In a way, yes. Not that it’s an imbalanced state of affairs, but that you agree to take the risk that every now and again you might get chiseled for some picayune sum. Why might a person agree to this? Well, (1) nobody wants a world where every transaction, however routine, however small-time, needs to be negotiated; and (2) in order to get this, Best Buy or Sears or Verizon is going to draft a standard contract and it’s going to be in their favor; and (3) if you don’t like the contract, you can say no and just not buy the item; and (4) sometimes when you force a company to sell on terms they don’t like, they just stop selling. Or things get much more expensive (maybe even more than the $30 you’re occasionally out). Consumer protection laws aren’t magic bullets.

But things aren’t as dire as it may seem. In the first place, even C of A’s have to be limited to the expected subject-matter of the transaction. Best Buy couldn’t sneak in a clause saying it takes ownership of your house, for instance. So there is a legal limit.

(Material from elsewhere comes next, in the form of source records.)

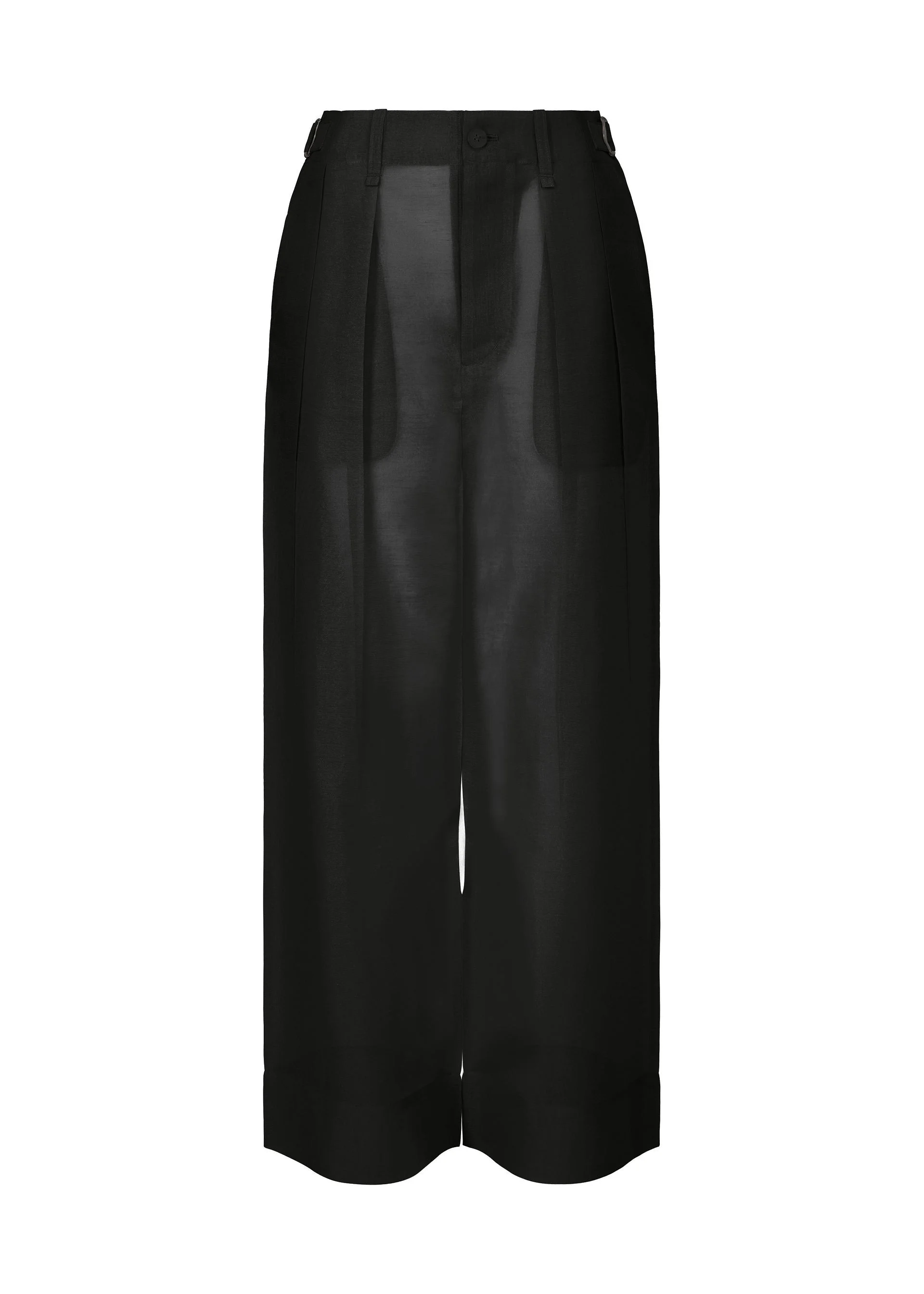 These pants are characterized by their bold form created by pressing them after adding folds. The sheer, moderately taut fabric is made by alternating fine, sheer thread with polyester and ramie spun thread. Although the fabric has a prominently angular appearance, its texture makes it softly skim the body when worn. The pants feature translucent, original buttons made by passing matching fabric inside sheer polyester buttons. Due to the manufacturing process, the texture and size of this product vary from item to item. Please note this in advance. Product Information Material: 89% polyester, 11% ramie Made in Japan Waist Specifications:Buttons / Integrated belt Front opening:Button fly Pocket (position):Front and back sides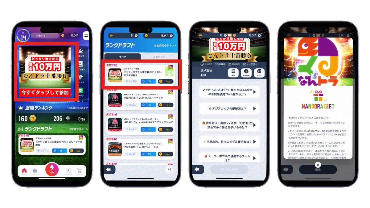 イノベーションの力で新たなスポーツ・エンターテインメントを創造し、まだ見ぬ感動と熱狂を提供するアプリ「なんドラ」を運営する株式会社なんでもドラフト(本社:東京都渋谷区、代表:森井啓允)は、特別企画『なんドラ十番勝負』2024年2月版を開催します。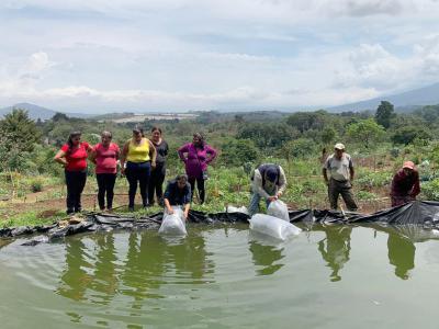Personal técnico de la Dirección de Desarrollo Pecuario, de la Dirección de Apoyo a la Producción Comunitaria de Alimentos (DAPCA), brindó asistencia técnica especializada relativa al manejo adecuado de los alevines, acondicionamiento del estanque y las recomendaciones para su mantenimiento. Ello permitirá a las familias beneficiarias diversificar sus medios de vida y contar con alimentos frescos de producción propia.

In addition, though, there are market limits. Companies that get reputations as cheaters don’t tend to flourish. Consider the pushbacks and hasty retreats associated with some of Facebook’s TOS changes. Or how Apple ended up rebating some of the purchase price of the first iPhone when its price dropped soon after its introduction.

No-haggling car buying is a great example. Consumers felt overwhelmed by having to negotiate with car dealers that a market arose for what is, by and large, cars sold by contracts of adhesion. Another interesting example of this phenomenon can be seen in the difference in market share for contracted cell phone service versus paygo or prepaid cell phone service.

Yes, it is.

But the courts cannot (or should not, anyway) just say, “Hey, I’ll make this balanced.” Because the responsibility for that rests with Congress. They wrote the FAA, and it says that you can’t automatically invalidate contract clauses.

To fix this, Congress needs to act.

You got something. Without the class action you would have got nothing. But in many cases the lawyers make out for millions. That is what should be addressed. Without class action, corporations can fleece their customers with very little fear.

And what do we do when Congress is co-opted by business (as I think one could argue is the case today)? They will have no interest in getting this changed. Vote new people in? See: Co-Opt.

I know you have a preference for the legislature. Personally I believe in the three-branches of government and the check-and-balances the FFs designed into the system.

If the legislative branch cannot to what is needed hopefully one of the others can. In this case it fell to the judicial branch. Problem is if the judicial branch deems itself to only rubber-stamp what the legislative branch does then what happens?

Apparently five justices feel as you do. Four feel as I do. You win this round. I can only hope not much damage is done till, hopefully, we get this changed someday.